On Thu, Jul 31, 2008 at 9:39 AM, Mike Godwin mgodwin@wikimedia.org wrote:
- With regard to CC-BY:
It's not a question of one license's being more restrictive than the other, exactly. It's that the Share Alike (SA) requirement, which makes the content truly copyleft, can't be added or subtracted in any straightforward way that I can see. (Note that for purposes of simplicity I am lumping together GFDL -- Wikipedia's current licensing standard -- and CC-BY-SA. Their requirements are substantively mostly the same although formally different.)
How could you add SA, for example, without being the original licensor, for importing to Wikipedia?
On Thu, Jul 31, 2008 at 9:39 AM, Mike Godwin mgodwin@wikimedia.org wrote:
- With regard to CC-BY:
It's not a question of one license's being more restrictive than the other, exactly.
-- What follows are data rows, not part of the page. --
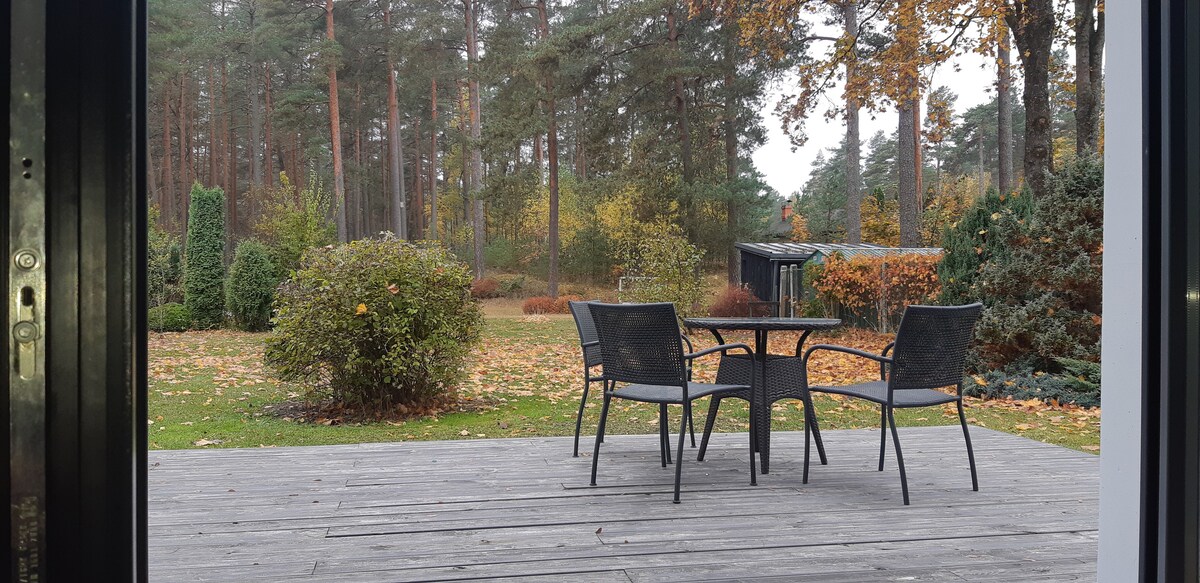 Spacious & modern wooden house is located next to the road A2 (E77) - Riga and Sigulda are 15 min away, Gaujas National Park ~ 30 min drive. All house is very well equipped and is at your service (except one room) as well as barbecue facilities outside, table tennis, berries, mushrooms, garden, fireplace, fun & more :) Usually guests are not bothered by the road, but please be aware of existing transport sounds, so this is a place in the nature with some urban touch.
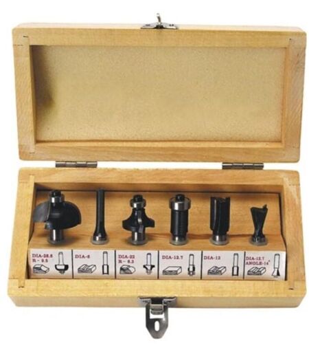 Informazioni sul prodotto Primärfarben Schwarz, Braun,Detaillierte Primärfarben Holz,Tiefe des Produkts 90 mm,Höhe des Produkts 50 mm,Breite des Produkts 170 mm,Gewicht Produkt 365 g,Material Holz,Zusätzliches Material Metall Proprietà fisiche Anzahl der Stücke 6,Verpackung Holz-Box,Schloss-Typ Metallschlösser, Fallverschluss Dimensioni dell'imballaggio 1 Contenuto della fornitura Inhalt des Sets Nutenstein: ø 28,6 mm / r=9,5 mm gerader Bit: ø 6 mm Abrundungsbohrer: ø 22 mm / r=6,3 mm Bündigfräser: ø 12,7 mm gerader Bit: ø 12 mm Schwalbenschwanzbohrer: ø 12,7 mm / Winkel 14° Schaftdurchmesser: 8 mm ,Inklusive Etui Ja ...
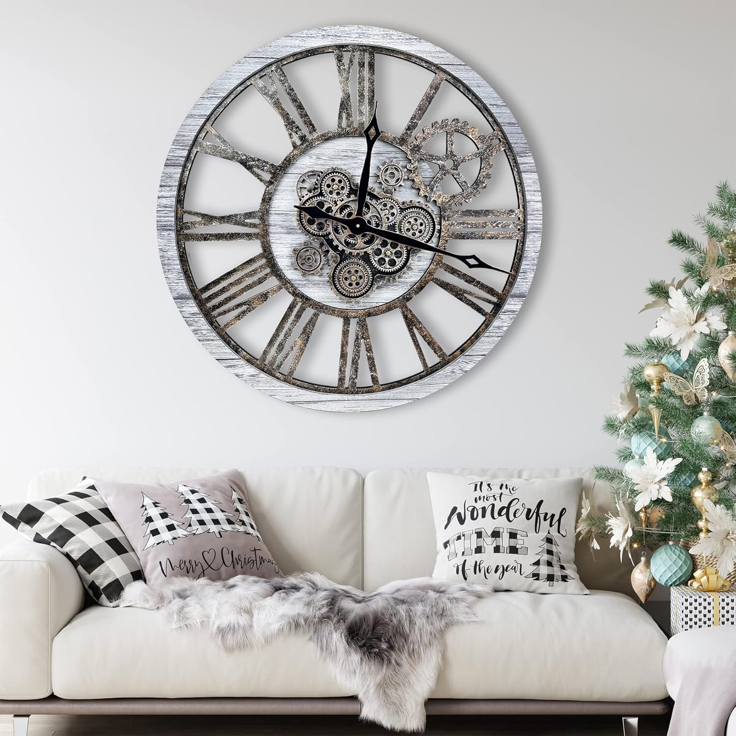 - WIDE APPLICATIONS: Oversized rustic wall clock is not only a timepiece, but also a piece of artwork, greatly adding charm to a room, like living room, farmhouse, fireplace, bedroom or dining room, studio, gallery, loft, cafe, bar, club, etc. Decorative wall clock will become an instant conversational piece for the moving gears and how cool it looks. Also awesome gifts for families or friends

It's that the Share Alike (SA) requirement, which makes the content truly copyleft, can't be added or subtracted in any straightforward way that I can see. (Note that for purposes of simplicity I am lumping together GFDL -- Wikipedia's current licensing standard -- and CC-BY-SA. Their requirements are substantively mostly the same although formally different.)
How could you add SA, for example, without being the original licensor, for importing to Wikipedia?
The SA license would apply to the derivative work. The non-SA license would apply to the original work. You aren't "adding SA", you're creating a new work, and licensing that new work under SA.